Algal turf productivity on coral reefs: A meta-analysis

Algal turfs are an abundant and highly productive component of coral reef ecosystems. However, our understanding of the drivers that shape algal turf productivity across studies and among reefs is limited. Based on published studies we considered how different factors may shape turf productivity and turnover rates. Of the factors considered, depth was the primary driver of turf productivity rates, while turnover was predominantly related to turf biomass. We also highlight shortcomings in the available data collected on turf productivity to-date; most data were collected prior to global coral bleaching events, within a limited geographic range, and were largely from experimental substrata. Despite the fact turfs are a widespread benthic covering on most coral reefs, and one of the major sources of benthic productivity, our understanding of their productivity is constrained by both a paucity of data and methodological limitations. We offer a potential way forward to address these challenges.

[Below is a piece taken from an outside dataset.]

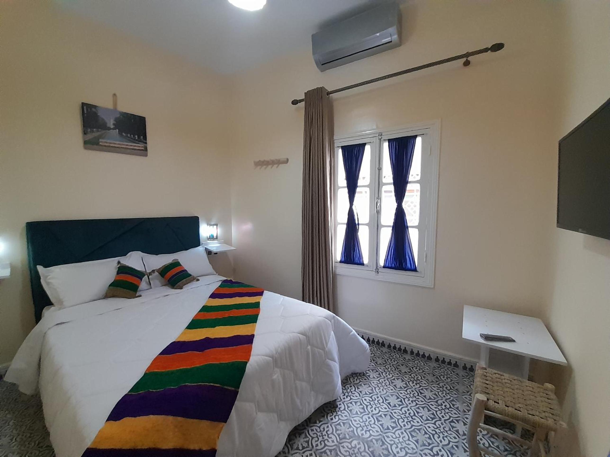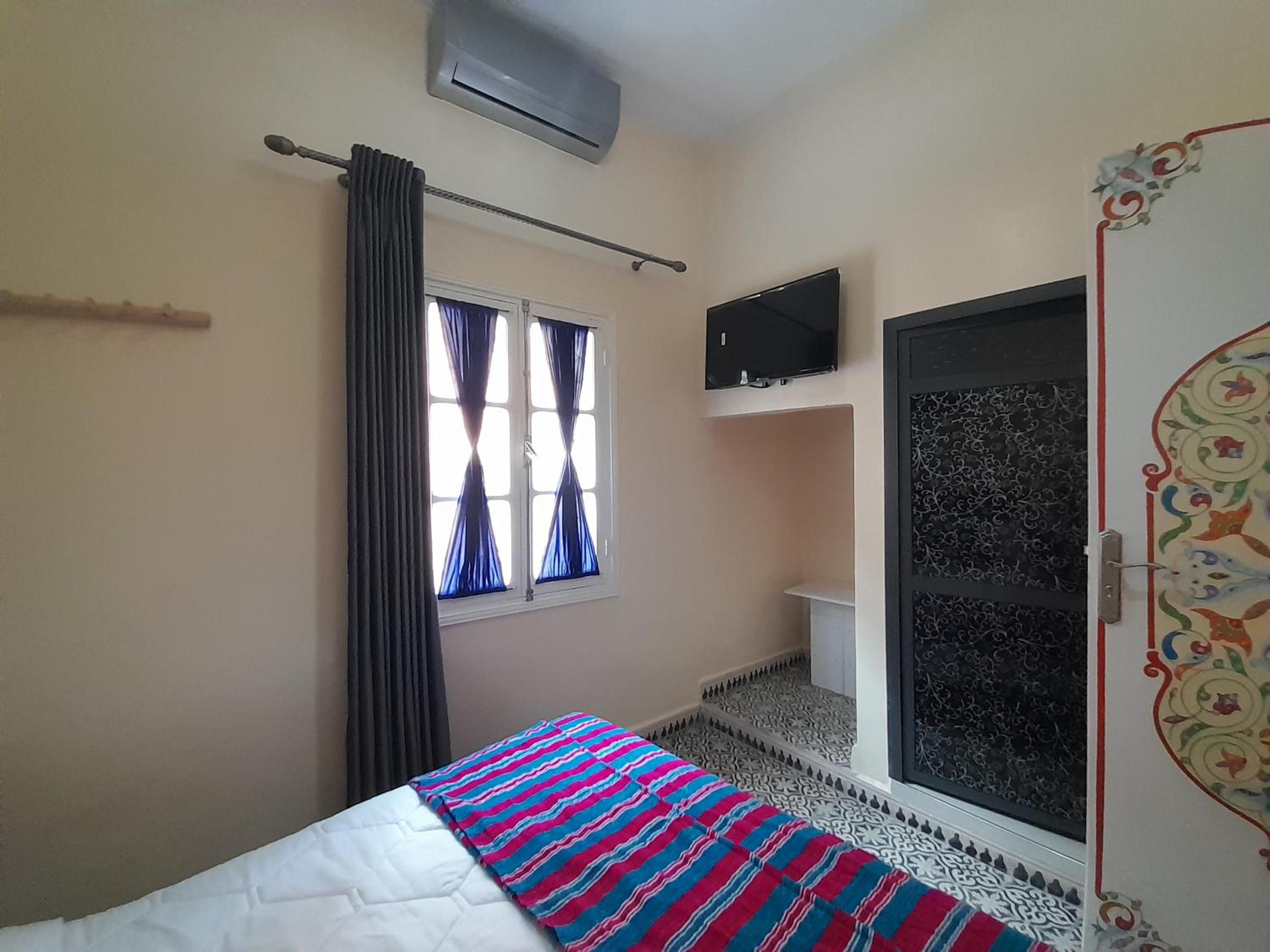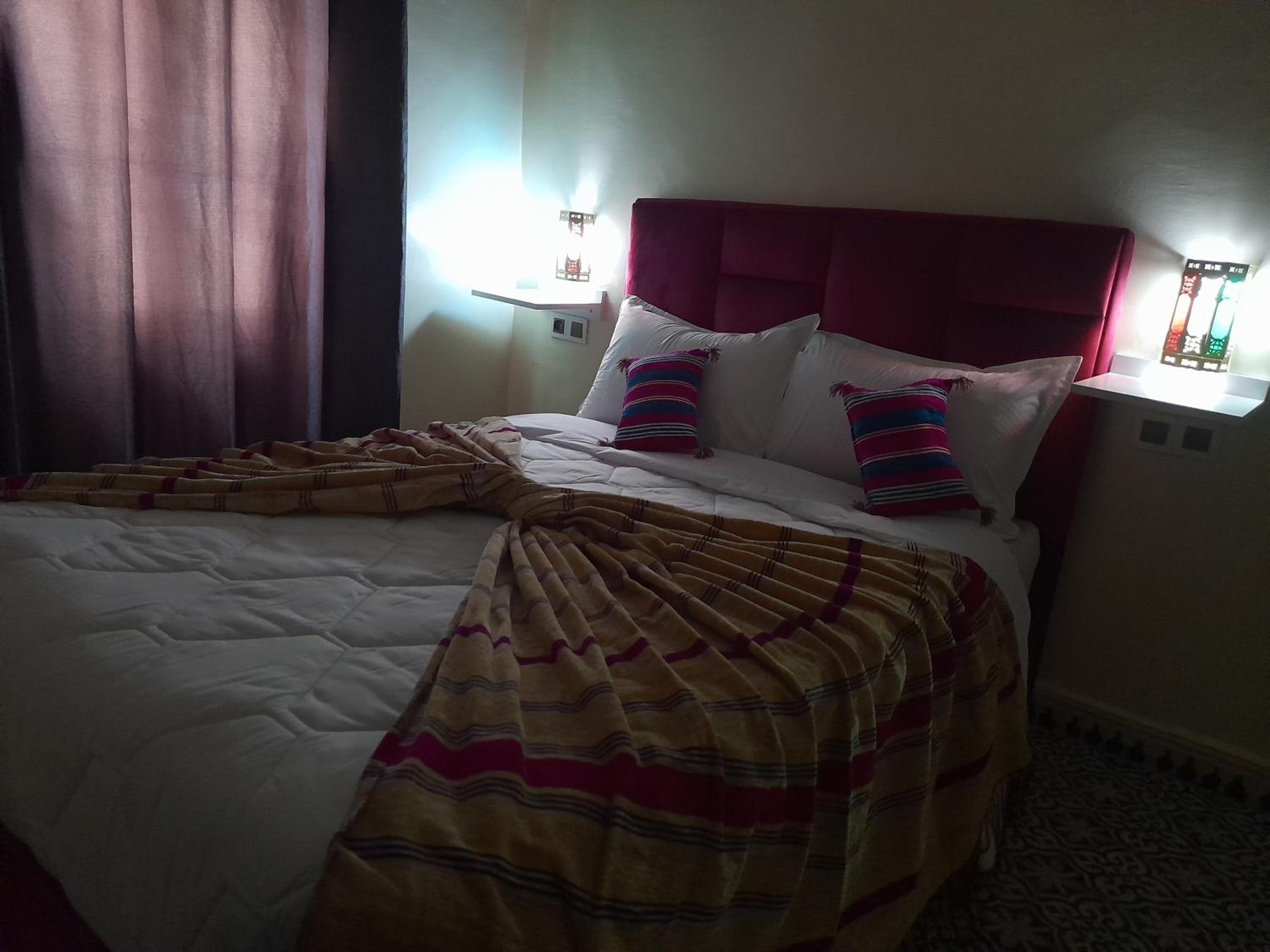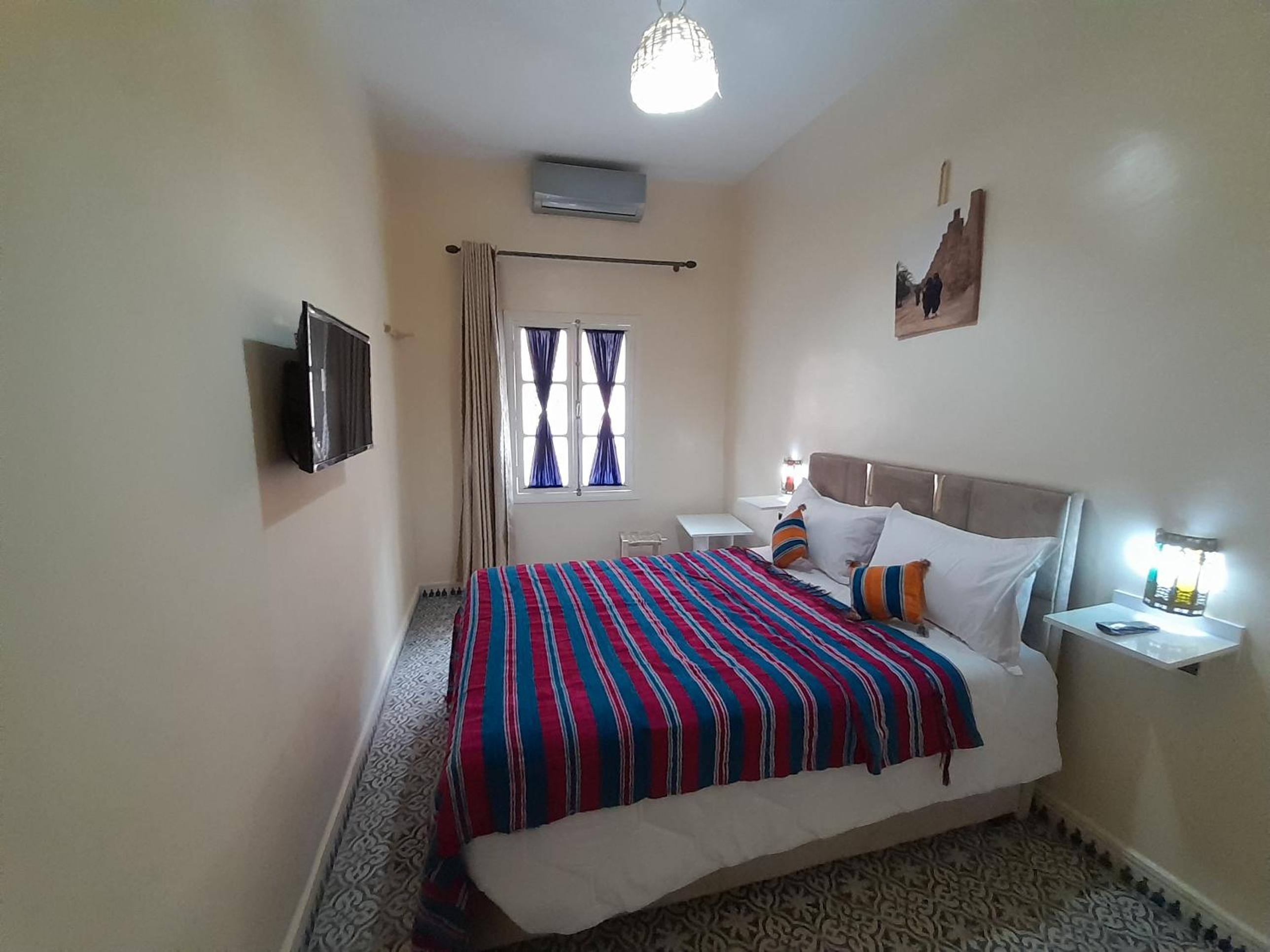 Located perfectly in the center, next to the souk and with a parking around the corner. Bed was clean, nice and firm.

Production of mobile invertebrate communities on shallow reefs from temperate to tropical seas

Primary productivity of marine ecosystems is largely driven by broad gradients in environmental and ecological properties. By contrast, secondary productivity tends to be more variable, influenced by bottom-up (resource-driven) and top-down (predatory) processes, other environmental drivers, and mediation by the physical structure of habitats. Here, we use a continental-scale dataset on small mobile invertebrates (epifauna), common on surfaces in all marine ecosystems, to test influences of potential drivers of temperature-standardized secondary production across a large biogeographic range. We found epifaunal production to be remarkably consistent along a temperate to tropical Australian latitudinal gradient of 28.6°, spanning kelp forests to coral reefs (approx. 3500 km). Using a model selection procedure, epifaunal production was primarily related to biogenic habitat group, which explained up to 45% of total variability. Production was otherwise invariant to predictors capturing primary productivity, the local biomass of fishes (proxy for predation pressure), and environmental, geographical, and human impacts. Highly predictable levels of epifaunal productivity associated with distinct habitat groups across continental scales should allow accurate modelling of the contributions of these ubiquitous invertebrates to coastal food webs, thus improving understanding of likely changes to food web structure with ocean warming and other anthropogenic impacts on marine ecosystems.